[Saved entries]
──────────────────────────────

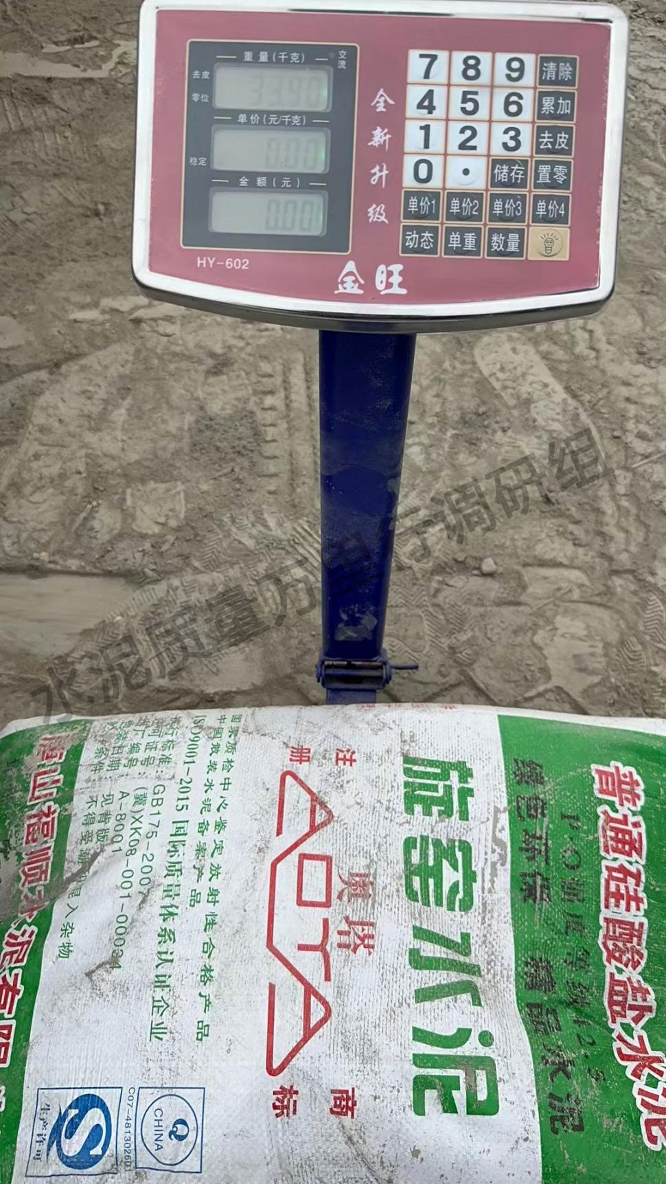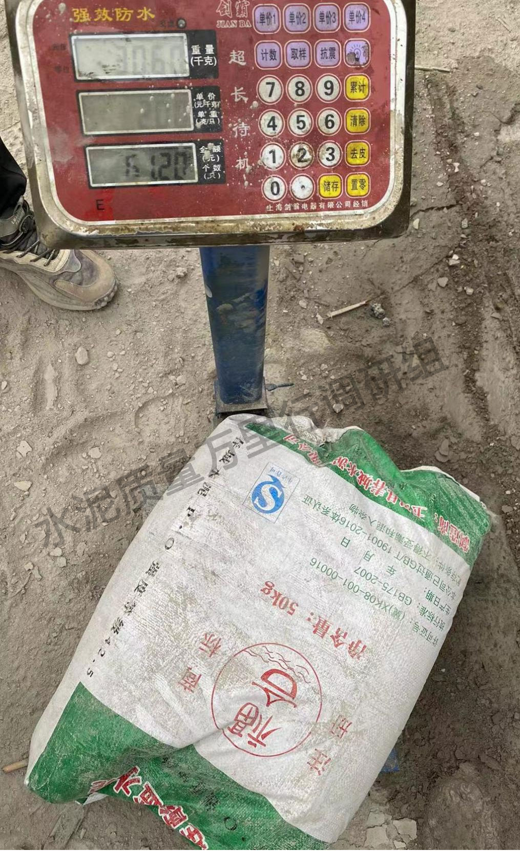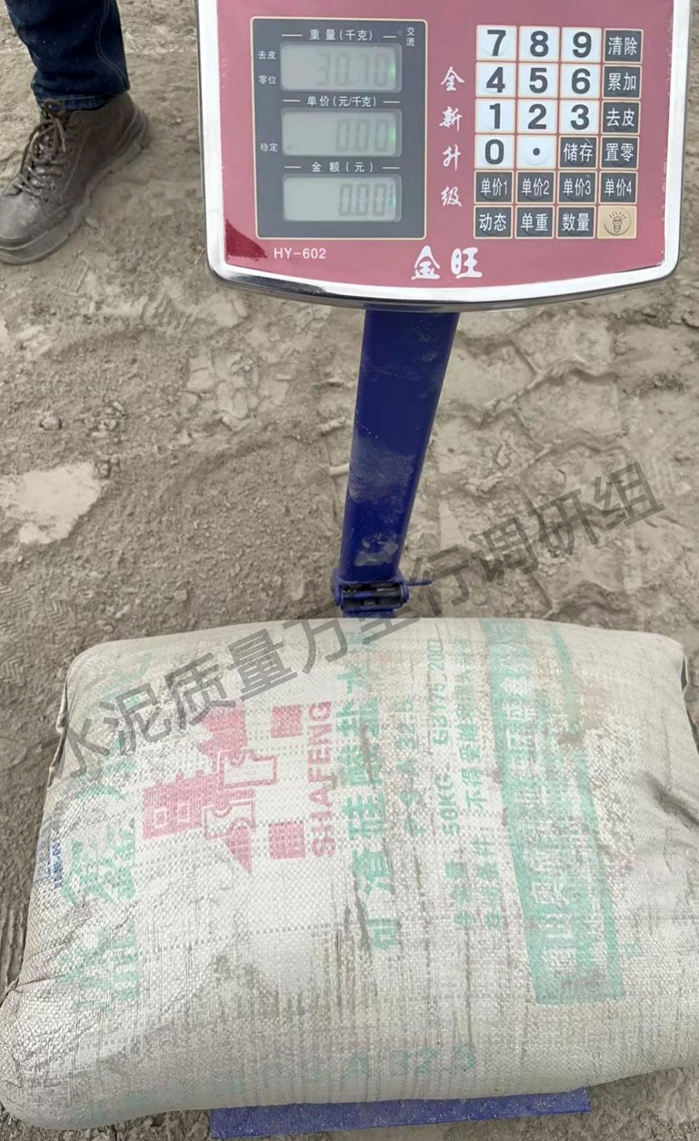 標(biāo)稱生產(chǎn)企業(yè)唐山奧成水泥廠的“盛鑫”牌PSA32.5(50kg)水泥,實(shí)際稱重為30.7kg。
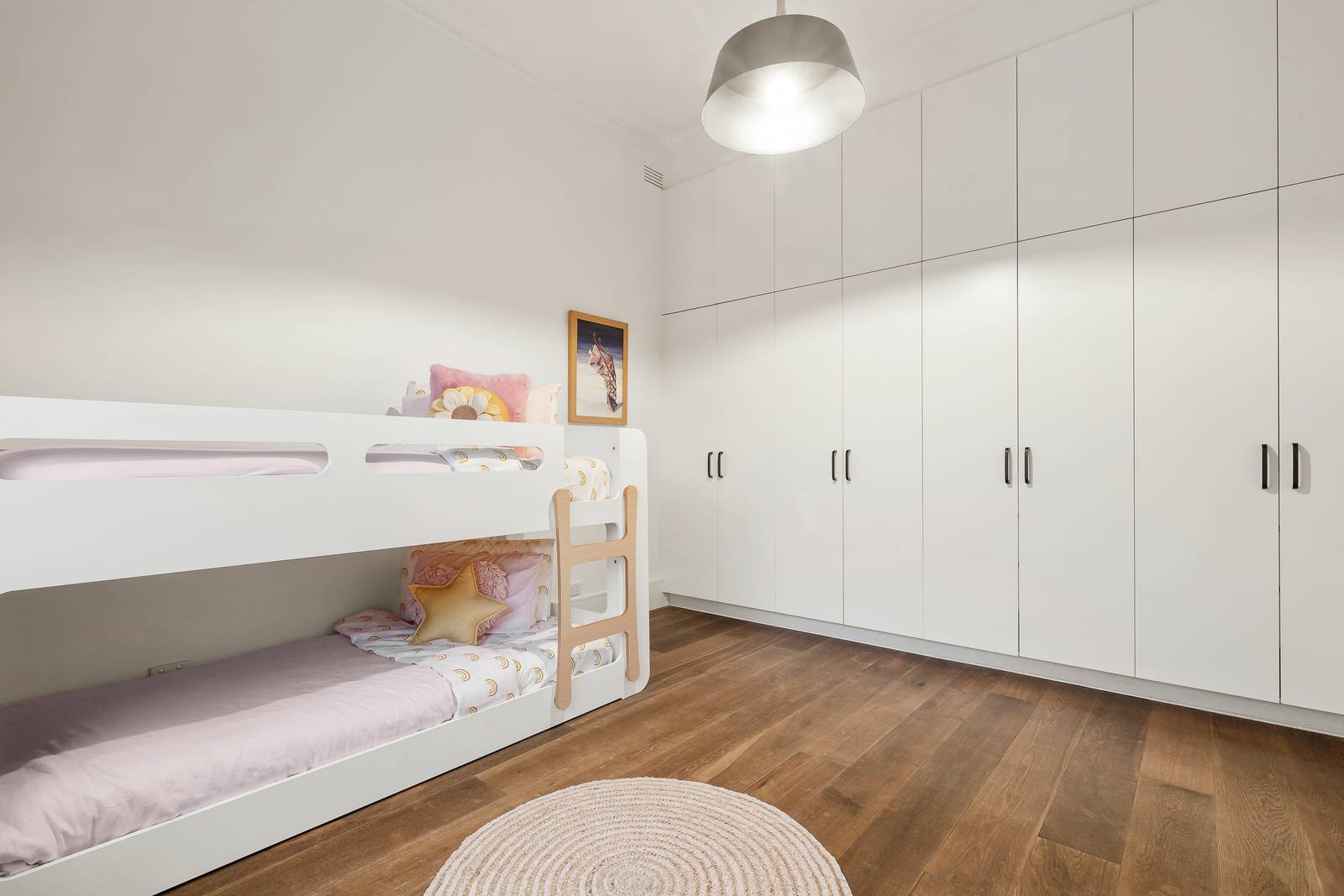 Dark-stained oak floors and high ceilings define the wide central hall, two generous bedrooms with floor to ceiling robes, a third bedroom and stylish bathroom with separate powder-room. The expansive living room and light-filled dining room are served by a superbly appointed modern kitchen with timber benches. The living spaces open to a large, covered terrace overlooking the deep private north-facing garden offering plenty of room for a possible extension (STCA).
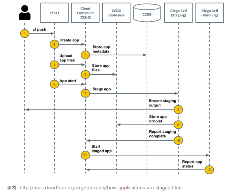 사용자가 cf push를 통한 application 배포 시
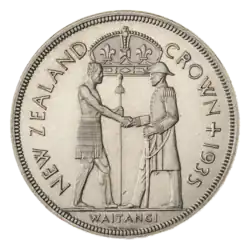 - ^ "N.Z. Waitangi Crown 1935". New Zealand Numismatic Journal. 10 (1): 291–292. March 1960.
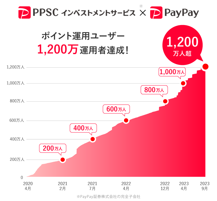 サービス提供開始から約3年となる2023年4月に1,000万人を突破し、その後もさらに多くの方に疑似運用体験をご利用いただいています。このたびの1,200万運用者突破は、ポイント運用サービスを提供する主要なポイント運用サービス取扱業者での業界最大規模をさらに更新しました(※3)。
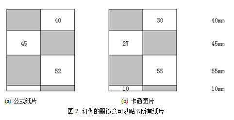 纸片。标准的眼镜盒长度为150,宽度为55,面积为8250,分为长度相等的三个纸带,因此每个白色区域的尺寸为5
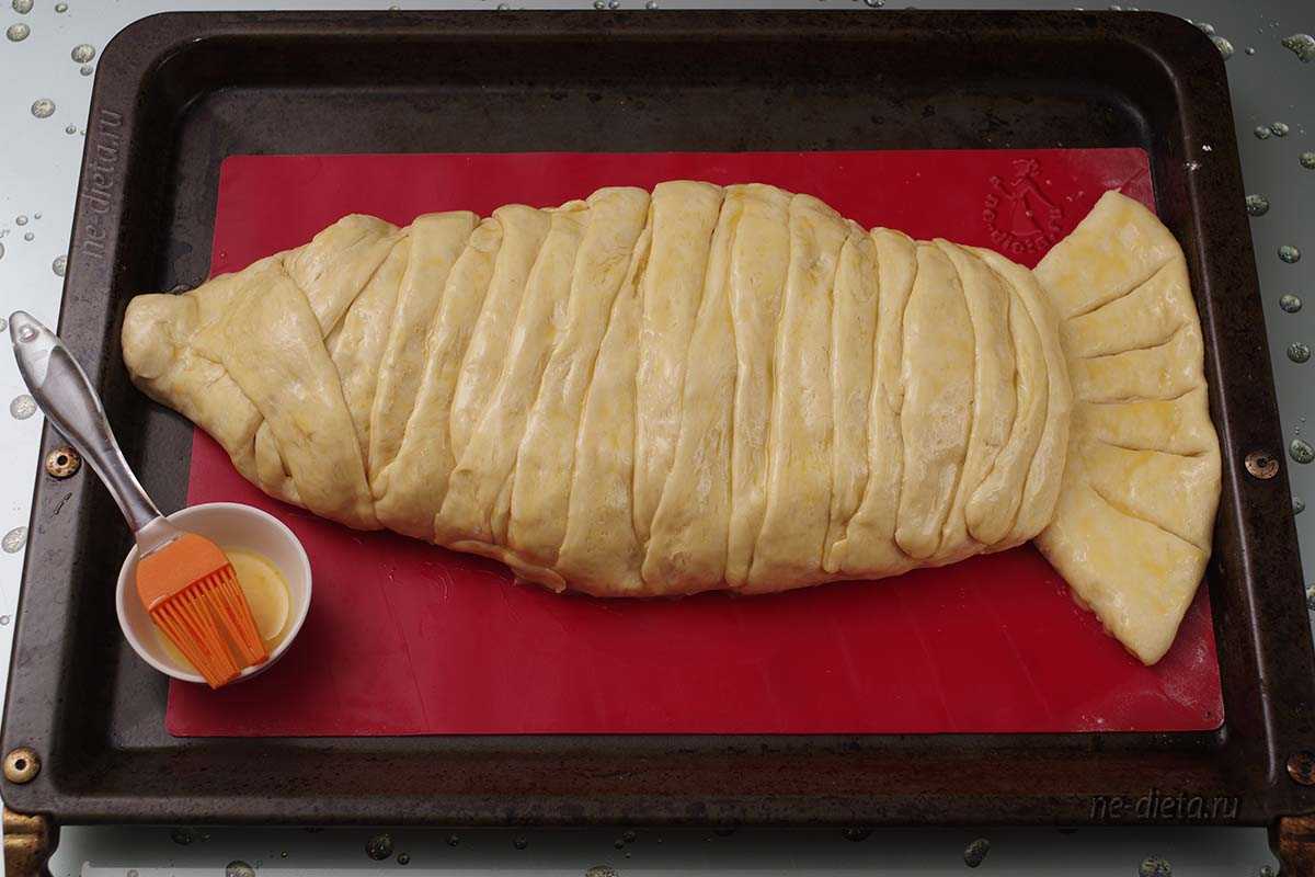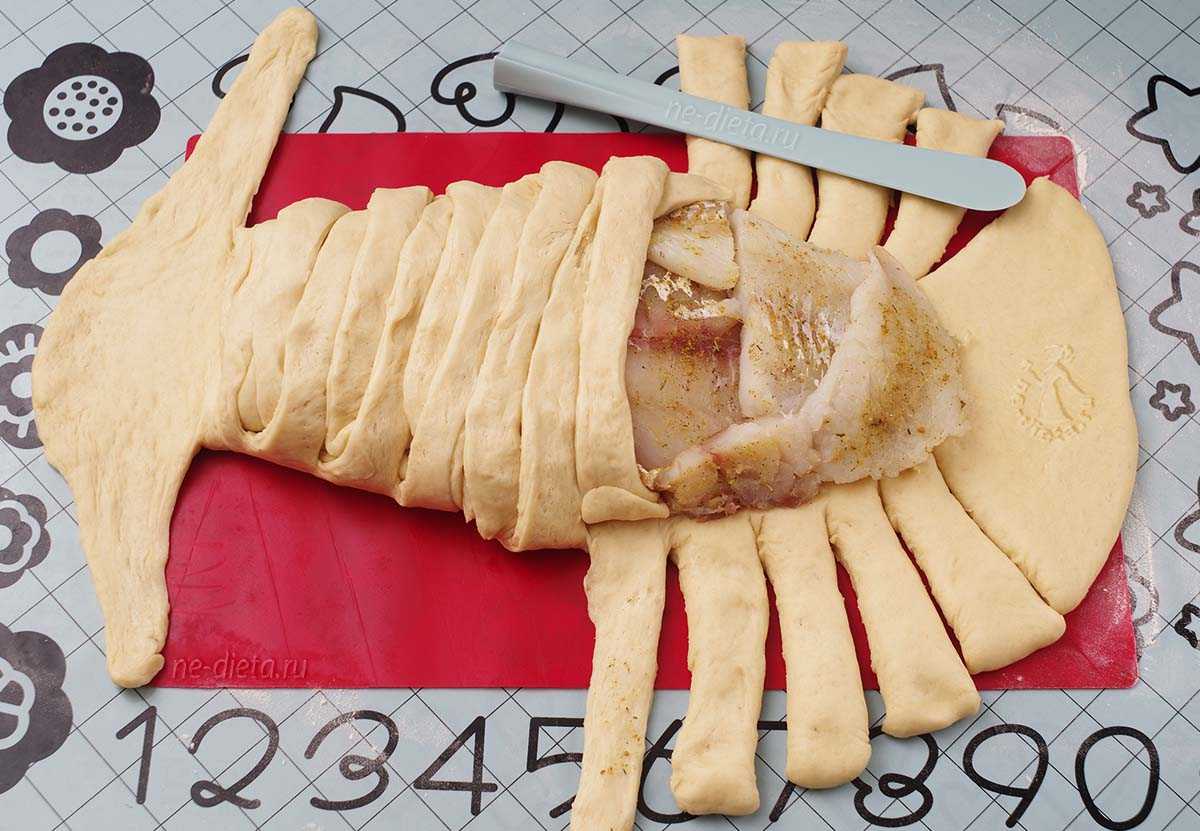 Красиво завернем полоски в хвосте. На остатке теста, который остался в хвосте, сделать надрезы, имитируя хвостовой плавник. Первый рыбник готов

──────────────────────────────

Activity. Among the lines above, the one with "Dark-stained oak floors" opens the part to repeat and the one with "サービス提供開始から約3年と" closes it; repeat only that part exactly, with no pictures.

Worked solution.
 Dark-stained oak floors and high ceilings define the wide central hall, two generous bedrooms with floor to ceiling robes, a third bedroom and stylish bathroom with separate powder-room. The expansive living room and light-filled dining room are served by a superbly appointed modern kitchen with timber benches. The living spaces open to a large, covered terrace overlooking the deep private north-facing garden offering plenty of room for a possible extension (STCA).
 사용자가 cf push를 통한 application 배포 시
 - ^ "N.Z. Waitangi Crown 1935". New Zealand Numismatic Journal. 10 (1): 291–292. March 1960.
 サービス提供開始から約3年となる2023年4月に1,000万人を突破し、その後もさらに多くの方に疑似運用体験をご利用いただいています。このたびの1,200万運用者突破は、ポイント運用サービスを提供する主要なポイント運用サービス取扱業者での業界最大規模をさらに更新しました(※3)。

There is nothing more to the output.